Rien
de bien nouveau à ajouter au dossier de la laïcité : on nous rebat les
oreilles de l'exigence laïque, mais pour l'instant, aucun événement ne
vient changer la donne.
Il
faut tout de même mentionner une légère inflexion du discours des
évêques de France, réunis à Lourdes au début de ce mois. Témoin, Mgr
Doré, théologien en titre de l'épiscopat. Dans un entretien avec Elie
Maréchal, du Figaro, il s'explique sur les nouveaux éléments
constitutifs de la laïcité française « Alors que l'État et les
religions avaient progressé jusqu'à récemment dans un dialogue mutuel
et constructif, on en vient à réfréner le droit équitable pour tous,
par crainte d'un excès de droit revendiqués par une minorité ». Et
de porter ce diagnostic sans appel sur les relations actuelles entre
l'Église et l'Etat : « L'islam étant présenté comme un danger du
fait des islamistes, la laïcité française se crispe, tend même à
régresser vers un laïcisme sourcilleux ». Le terme de laïcisme
n'est pas habituel dans la bouche d'un évêque, que sa fonction incline
en général à tous les compromis avec la République. Il faut que la
situation soit en effet plus préoccupante qu'on ne le dit pour que l'on
en soit arrivé à une telle absence de langue de bois.
Mais
ce n'est pas tout. Ajoutons que désormais les évêques n'hésiteront
plus à revenir sur l'idée d'une fonction publique de l'Église dans la
société laïque : « L'islam oblige à considérer à nouveau que
toute religion a un impact publique ». n ne s'agit pas de déférer
à la volonté de ceux qui entendent « confiner (le religieux) dans
le sanctuaire de la conscience ».
Oh
! Cela ne signifie pas que Mgr Doré aurait abjuré la « liberté de
recherche » de chaque croyant, telle que l'enseigne le second concile
du Vatican.

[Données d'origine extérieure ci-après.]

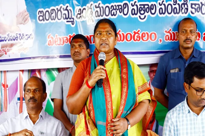 ఏటూరునాగారం, మార్చి1 (విజయక్రాంతి): అర్హులైన నిలువ నీడలేని ప్రతి ఒక్కరికి ఇందిరమ్మ పథకంలో ఇండ్లు మంజూరు చేస్తామని, మంజూరైన ఇండ్లను త్వరితగతిన నిర్మించుకోవాలని రాష్ట్ర పంచాయతీరాజ్ శాఖ మంత్రి సీతక్క అన్నారు. ములుగు జిల్లా ఏటూరునాగారం మండల కేంద్రంలో నిర్వహించిన కార్యక్రమంలో కొండాయి గ్రామానికి చెందిన 90మంది లబ్ధిదారులకు ఇందిరమ్మ ఇండ్ల మంజూరు పత్రాలను, ఏటూరునాగారం మండలనికి చెందిన 38మంది లబ్ధిదారులకు చెక్కులను అందజేశారు.
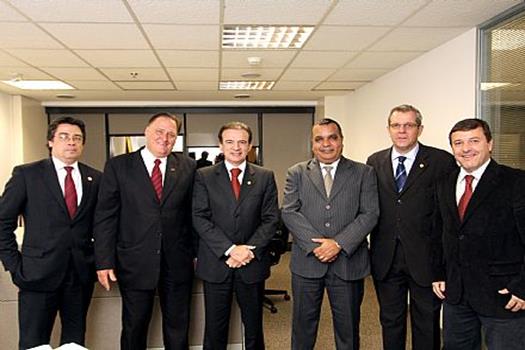Brasília, 14/06/2011 - O presidente nacional da Ordem dos Advogados do Brasil, Ophir Cavalcante, recebeu hoje (14) os membros da Comissão Especial de Eventos Desportivos do Conselho Federal da OAB, após reunião ordinária do órgão de assessoramento, na sede da entidade. Na ocasião, eles formalizaram a Ophir o convite para presidir a abertura e participar como atleta do XII Campeonato Brasileiro de Futebol de Advogados. O evento está programado para a cidade do Rio de Janeiro, de 07 a 11 de setembro próximo. Participaram do encontro os membros da Comissão Hélio Vieira da Costa (presidente), José Geraldo Alves de Souza (vice-presidente), Aldo Francisco Zago, Eugênio Duarte Vasques, Lúcio Aparecido Sousa e Silva, Rui Teles Calandrini Filho e o convidado Ricardo Menezes.
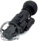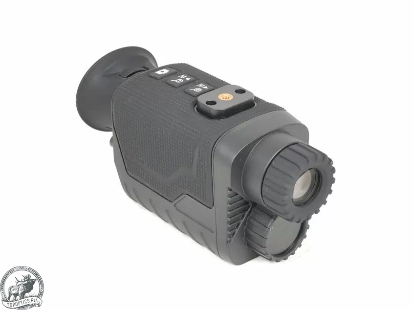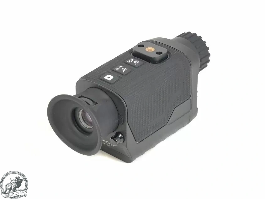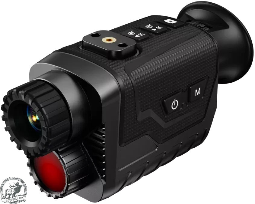 Объектив монокуляра имеет фокусное расстояние 25 мм и светосилу F1.2. Это сочетание позволяет получать ясное изображение даже при слабом внешнем освещении. Оптическое увеличение составляет 1х, что сохраняет естественные размеры объектов и облегчает ориентирование на местности. Цифровой зум доступен в диапазоне от 1х до 8х и открывает возможность рассматривать удаленные объекты с высокой степенью приближения. Пространственный угол поля зрения FOV равен 10°, что соответствует видимому участку пространства размером 17,5 м на дистанции 100 м. Для индивидуальной подстройки изображения под особенности зрения прибор оснащен механизмом диоптрийной корректировки. Механизм фокусировки находится на объективе, низкопрофильное кольцо с насечкой позволит манипулировать тонкими настройками даже в перчатках.
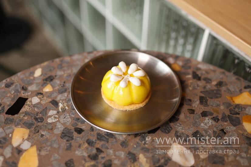Ніжний, танучий вершковий мус із манго з серцем із маракуї, покритий тонкою жельованою глазур’ю. Хрустка пісочна основа додає балансу текстур. Десерт, який хочеться їсти повільно.
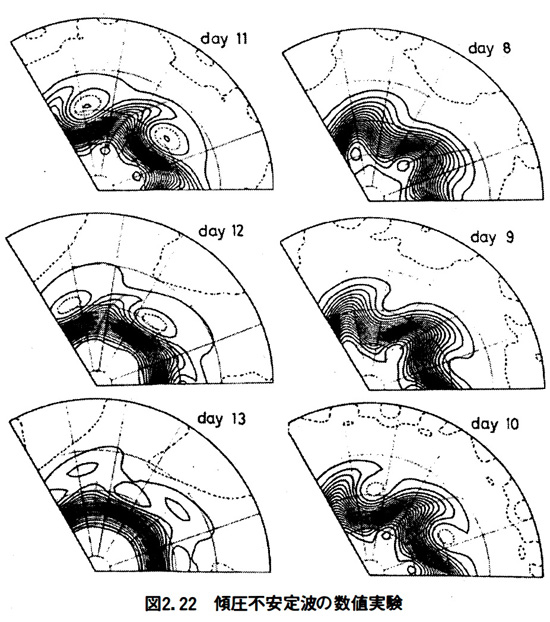 図2・22 は初期値から8日以降13日までの数値実験の結果で、紙面を節約するため上と同様に2波長分だけ描いている。
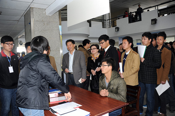 副校长赵金安现来到招聘现场,与用人单位代表和毕业生进行交流,听取用人单位对学校招聘工作的意见和建议,对毕业生在求职过程中遇到的困难、需要得到什么样的帮助等进行了解。
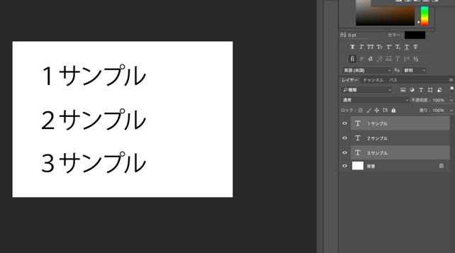 「1サンプル」と「3サンプル」を右に

Cela ne veut pas dire que la société se devrait de pratiquer
une sorte de préférence catholique, reconnaissant ainsi une autorité à
l'Eglise fondée par Jésus Christ pour le salut de l'humanité. Notons
d'ailleurs que les évêques ne parlent plus jamais nommément de
l'Église catholique quand ils s'expriment sur la laïcité ; ils parlent «
des religions » (raisonnables) et « des intégrismes » (déraisonnables).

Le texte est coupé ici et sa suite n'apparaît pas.